2019-09-23
Originally Published at: The Jerusalem Post / Philip Brieff
Susana Terstal and her Middle East peace process (“Peace needs international law and political will,” September 22) are typical of those who have stood in the way of a solution to the Palestinian problem that would work for decades.
Susana Terstal and her Middle East peace process (“Peace needs international law and political will,” September 22) are typical of those who have stood in the way of a solution to the Palestinian problem that would work for decades.
When will she realize that the two-state camel lies dead in the burning sands of the Middle East, killed not by Israeli homes but by virulent Arab rejectionism and violence against the notion and the people of the Jewish State of Israel.
They may think they can revive this dead camel if only they can drag it to that distant oasis called “peace.” They haven’t realized yet that this is not an oasis but a mirage borne out of their fevered refusal to accept it was a non-starter from the beginning.
Terstal writes: “The viability of the two-state solution is being eroded through demolitions, confiscations and displacement.”
No it is not. It has been eroded by the rejectionist Palestinian double-headed hydra (the PA and Hamas) that thrives on the naïve international contributions that have been feeding the beast for decades based on naïve delusions that it is Jewish homes that are the “obstacles to peace,” and not an obstinate Palestinian terror campaign determined to remove anything Jewish from the Middle East, to be replaced by the Palestine she is trying to promote.
For she has not seriously considered that in any Palestine solution we Israelis go to bed with PA President Mahmoud Abbas and wake up in the morning with Hamas and a continuation of the “Palestinian struggle” from more vulnerable borders. She naively thinks that this struggle will end as soon as she creates her Palestine.
Tragically, it is organizations like her MEPP that have blocked voices offering rational alternatives to a failed two-state policy. Alternatives to this failed two-state nonsense have always been there. MEPP and others have simply been unwilling to consider them.
These people will surely block the upcoming peace plan about to be promoted by the Trump administration for the simple reason that it is not strictly based on the outdated foundation of two-states but will offer an alternative to that unattainable solution.
One notices from Terstal’s article her inability to understand that the fault has always been entirely on the Palestinian side. Cure that and you can possibly cure the problem, but Terstal surely knows the problem on the Palestinian side is incurable, so she ignores it and tilts to blame onto Israelis.
It’s high time that Susana Terstal, her Middle East Peace Process and others like them face the truth and get real.
BARRY SHAW
The writer is the international public diplomacy director at the Israel Institute for Strategic Studies.
In Terstal’s article she establishes “international law” that suits her very non-biased views.

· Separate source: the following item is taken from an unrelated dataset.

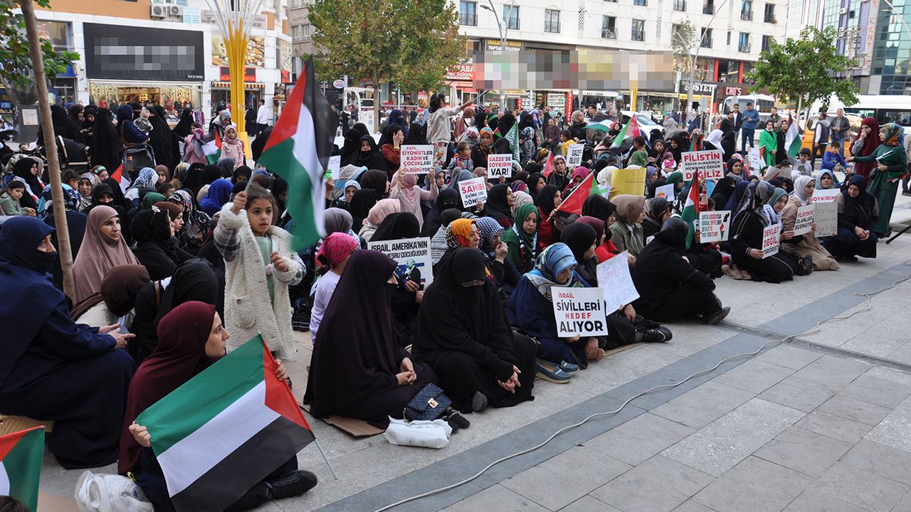 Gülistan Caddesinde Filistin bayrağı taşıyan kadın ve çocuklar, "israil sivilleri hedef alıyor", "Komutanı Muhammed olan bir ümmet boyun eğmez", "israil terör örgütüdür", "Çocukların gülmesi için bombalar susmalı, insanlık değil", "Filistin'de olanlara susmayın" yazan döviz ve pankartlar taşıyarak işgal rejimine tepki gösterdi.
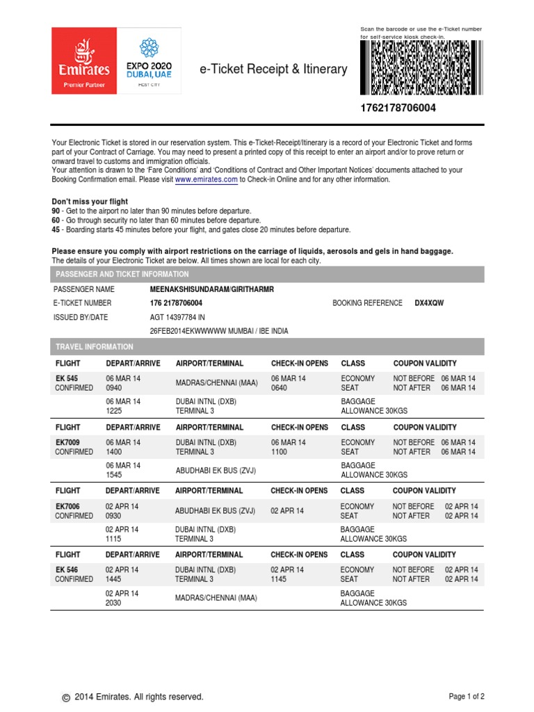 Sample E Ticket Itenerary Emiritravel

The same EU that didn’t have a word to say about Arab self-determination while Egypt and Jordan were in control of Gaza and Judea and Samaria for 19 years suddenly realized they had a responsibility to get involved in housing starts in that territory once Israel was in charge.
It is good to remind her that when Israel was attacked in 1973, again facing annihilation, no fair and just European nation would allow US planes carrying arms to Israel to land on their territory to refuel.

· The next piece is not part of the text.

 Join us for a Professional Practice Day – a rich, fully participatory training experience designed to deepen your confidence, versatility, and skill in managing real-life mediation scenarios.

How nice of her to seek a two-state solution. Israel left Gaza and got thousands of rockets as an Arab peace overture. If Terstal ever criticizes Arab rocket fire I am sure she will ask both sides to reduce violence.

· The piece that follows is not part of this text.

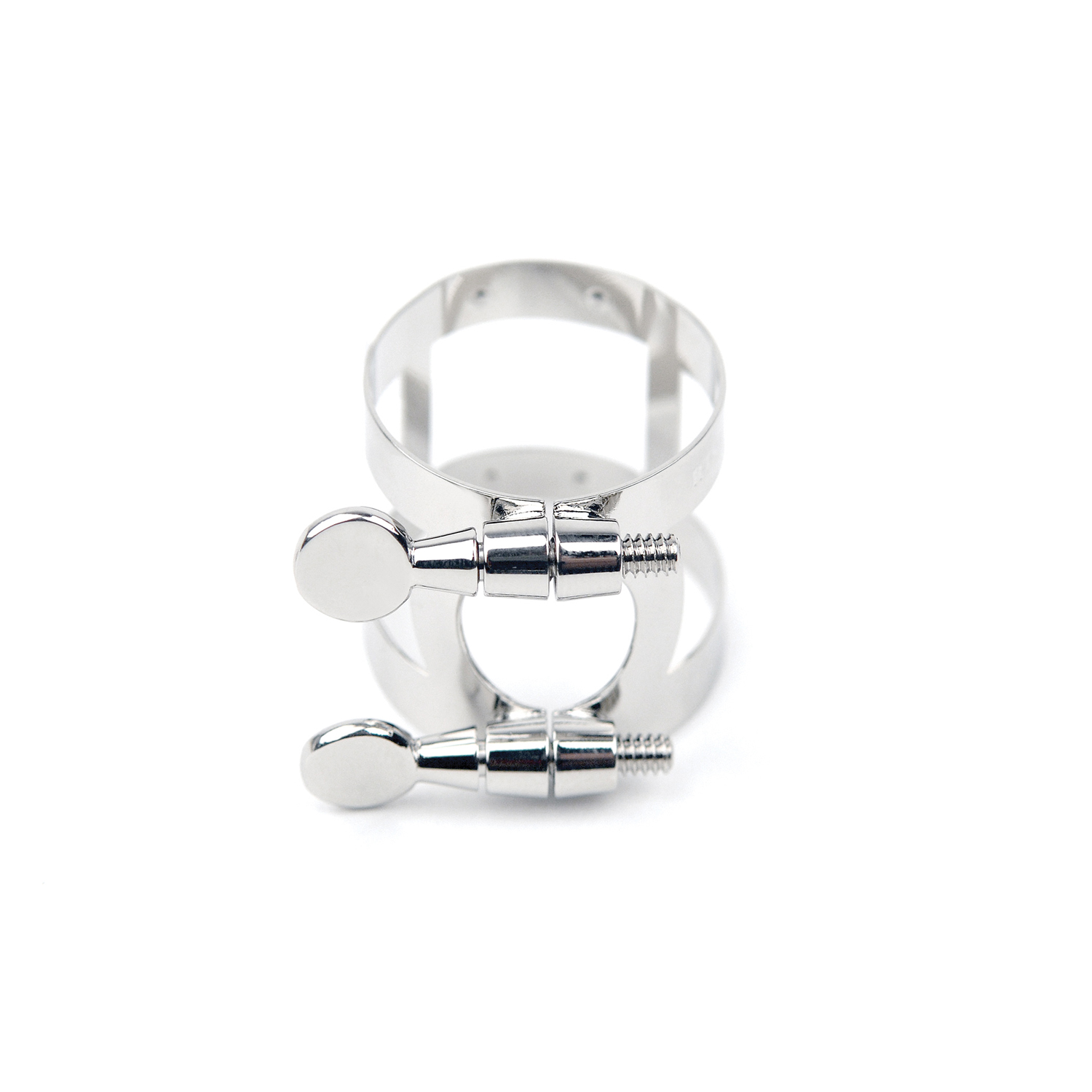 RCL1N. Ligature & Rørhette sett for Bb Klarinett. Sett som kombinerer rørholderen RCL1LN og Rørhetten RCL1C. Klassisk rørholder for Klarinett. Produsert i nickelbelagt messing i tradisjonell to-skruers utførelse. Nå med firepunktstrykk for jevnere trykk mot røret. Rørhetten er produsert i hardplast, av slitesterk som ikke sprekker og den har en gummiert myk overflate for å beskytte munnstykket. Den har innvendige spor som passer mot munnstykket.

She says: “The viability of the two-state solution is being eroded through demolitions, confiscations and displacements....” I would suggest the viability is eroded by knifings, shootings, car rammings of Israelis and teaching Arab children to be suicide bombers. Also the fact that the EU, which has suffered many attacks by followers of the Koran, not being able to confront this problem doesn’t help peace anywhere in the world.
The EU is antisemitic. They are not as concerned with any human rights violations no matter how horrible. Islamic State did not get a fraction of the condemnation Israel gets. Arab rocket fire, attack tunnels, and threats to annihilate Israel are not worthy of mention by it. The reality is that if the Arabs were replaced by any people not following the Koran, peace would have been achieved long ago. How many conflicts in the world are there where one of the parties is not Islamic?